Friday, 9 January 2009

You don't have to be an expert - that'll just annoy you even more.

There are a few things that really shit me about most science fiction, and that includes the new series of Doctor Who. I'm not talking about the big things, like having force fields or faster than light travel. I mean the easy bits of physics (and other sciences), the little bits of detail that just plain aren't necessary to break:
  • "200%": the point to 100%, you see, is that it's ALL. As in, EVERYTHING. If it's possible to ever "Go to 200%!" or record a reading on anything over 100%, then you haven't built your equipment properly.
  • "An unknown element!": No, actually, we know all of them. All the stable ones, anyway (we can create elements that have a half life shorter than the human mind is any good at comprehending). Unless they get suddenly stable at really BIG atomic numbers (which I believe has been suggested), you're not going to be meeting any new ones. Previously unknown compounds, well, that's easy.
  • Sound effects in space. I mean, come ON! Sound requires a medium through which to travel. Space has, roughly, an atom per cubic metre. So, no sound.
  • Explosions in space. There is a reason why you don't get fires in zero gravity, I believe - something to do with needing a gravity gradient. However: you don't get a fire if the reactants aren't mixed and in close proximity, either. How long is that going to last, in a vacuum?
  • Spaceships sharing a common 'down' and having the same orientation as each other when they meet. Hello? Zero gravity? What's your reference point?
  • Making up strange radiation or "particles". Isn't there enough weird physics in the world already? And how do you even get new types of radiation? Apart from changing the frequency?
  • Casually passing off psychic powers while everything else has an explanation. No, sorry, you can't slip that past while nobody's looking. Try again.
  • Nobody ever needs to go to the toilet onboard the TARDIS. Okay, that's just picky.
Any other ones you can think of?

Tuesday, 6 January 2009

This is why Clarkson patronises us.

Due to a massive corporate sponsorship deal, tax breaks for non-profit service organisations, and an 18,000km lifecycle, my new employer actually makes a profit on using XR6 Falcons as company cars.

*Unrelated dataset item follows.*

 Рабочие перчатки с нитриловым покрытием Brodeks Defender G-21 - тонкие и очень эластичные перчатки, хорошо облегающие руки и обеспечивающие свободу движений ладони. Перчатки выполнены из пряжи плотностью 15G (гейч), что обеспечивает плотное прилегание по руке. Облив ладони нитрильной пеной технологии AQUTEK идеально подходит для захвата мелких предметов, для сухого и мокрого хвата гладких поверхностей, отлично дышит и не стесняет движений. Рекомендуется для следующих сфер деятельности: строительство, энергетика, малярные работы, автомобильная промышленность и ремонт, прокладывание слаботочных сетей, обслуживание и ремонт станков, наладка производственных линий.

Now, I'm pretty sure they'd make a profit on using base-model Falcons as company cars as well, but what fun would that be?

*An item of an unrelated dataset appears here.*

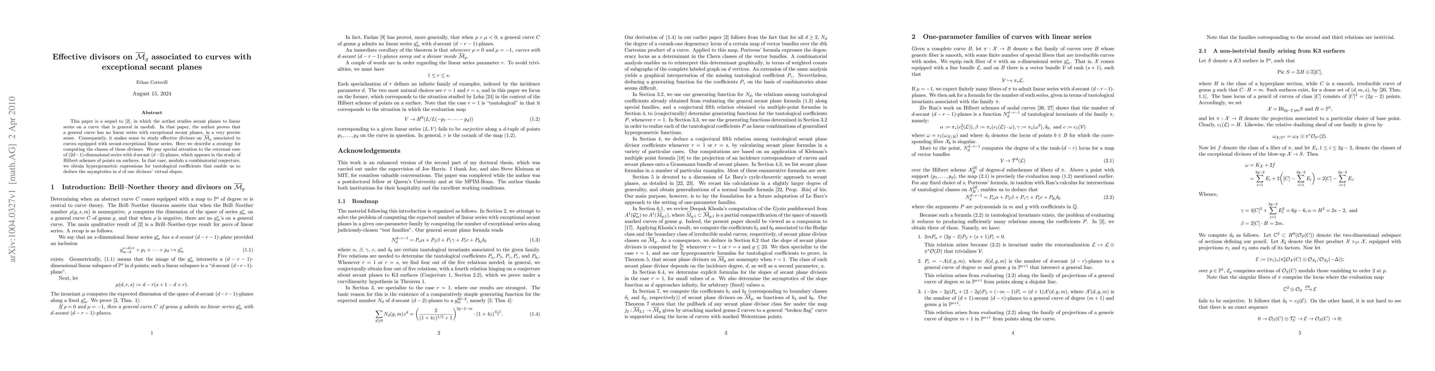 This paper is a sequel to \cite{C}, in which the author studies secant planes to linear series on a curve that is general in moduli. In that paper, the author proves that a general curve has no linear series with exceptional secant planes, in a very precise sense. Consequently, it makes sense to study effective divisors on $\ov{\mc{M}}_g$ associated to curves equipped with secant-exceptional linear series. Here we describe a strategy for computing the classes of those divisors. We pay special attention to the extremal case of $(2d-1)$-dimensional series with $d$-secant $(d-2)$-planes, which appears in the study of Hilbert schemes of points on surfaces. In that case, modulo a combinatorial conjecture, we obtain hypergeometric expressions for tautological coefficients that enable us to deduce the asymptotics in $d$ of our divisors' virtual slopes.

What this means, however, is that for one week out of every three, I have an XR6 ute in my driveway. Strictly, it need hardly be said, for business purposes only.

There's just one problem.

It may be ungrateful, rude and possibly even sacrilegious to say this, but:

I don't think it's a very good car.

There is no feel from the steering whatsoever. The styling makes it really difficult to work out where the corners are. Visibility from the cabin is horribly compromised, particularly over your right shoulder, and through the left A-pillar. The throttle pedal is soft and imprecise. The suspension is crude (I mean, it has the 1-tonne suspension, which means
leaf-springs. Haven't they been phasing those out of bargain-basement trucks?). The gearbox is slow to react and slow to shift.

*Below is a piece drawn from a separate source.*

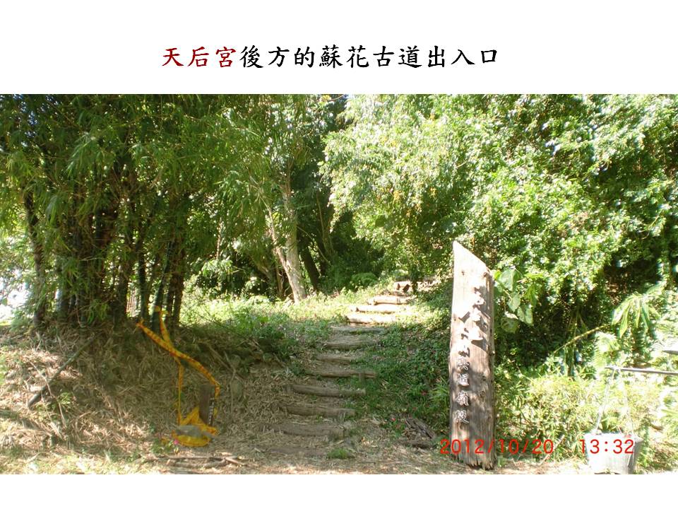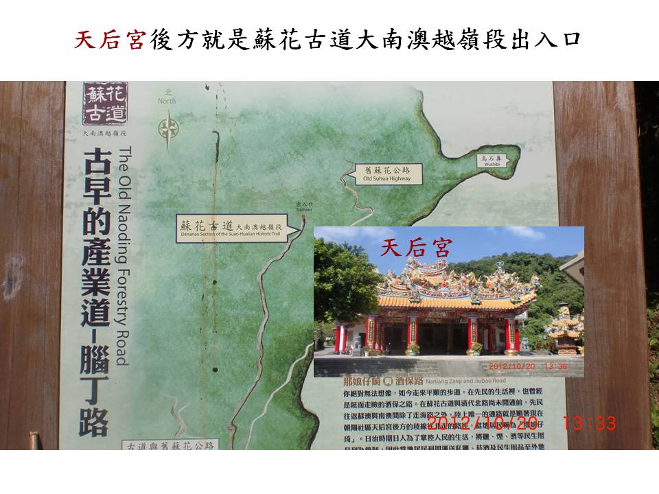 就在天后宮的後方,有蘇花古道─大南澳越嶺段的出入口,這條古道是從東澳與南澳之間的新澳隧道,循著南澳嶺稜線越過南澳嶺,然後來到朝陽里的天后宮 後方,全長約4公里。翻越大南澳嶺,銜接娜娘仔崎及酒保路到朝陽社區,沿途可欣賞東澳沖積平原、東澳灣、烏石鼻、大南澳平原及觀音海岸等美麗景致。這段行程還可以親身見證全台最古老的地質,體驗宜蘭和花蓮兩種截然不同的天氣類型;宜蘭多雨,花蓮則多為晴朗藍天。

I actually prefer the way my partner's 1994 Commodore wagon drives, to the way this brand new sports-model Falcon ute drives.

Talk about a let-down.

Oh yes, and one more thing: It has the world's most stupid tray cover. It's rubberised fabric, and it's held down not by the good old-fashioned elastic rope around hooks, or even by clips. It's held on by what I can only describe as a giant zip-lock bag arrangement. There's a plastic lip around the edge of the cover which clips over a lip on the edge of the tray. It's very easy to not completely close it, and it's a fearful pain in the arse to get on. Who the hell thought that would be a good idea?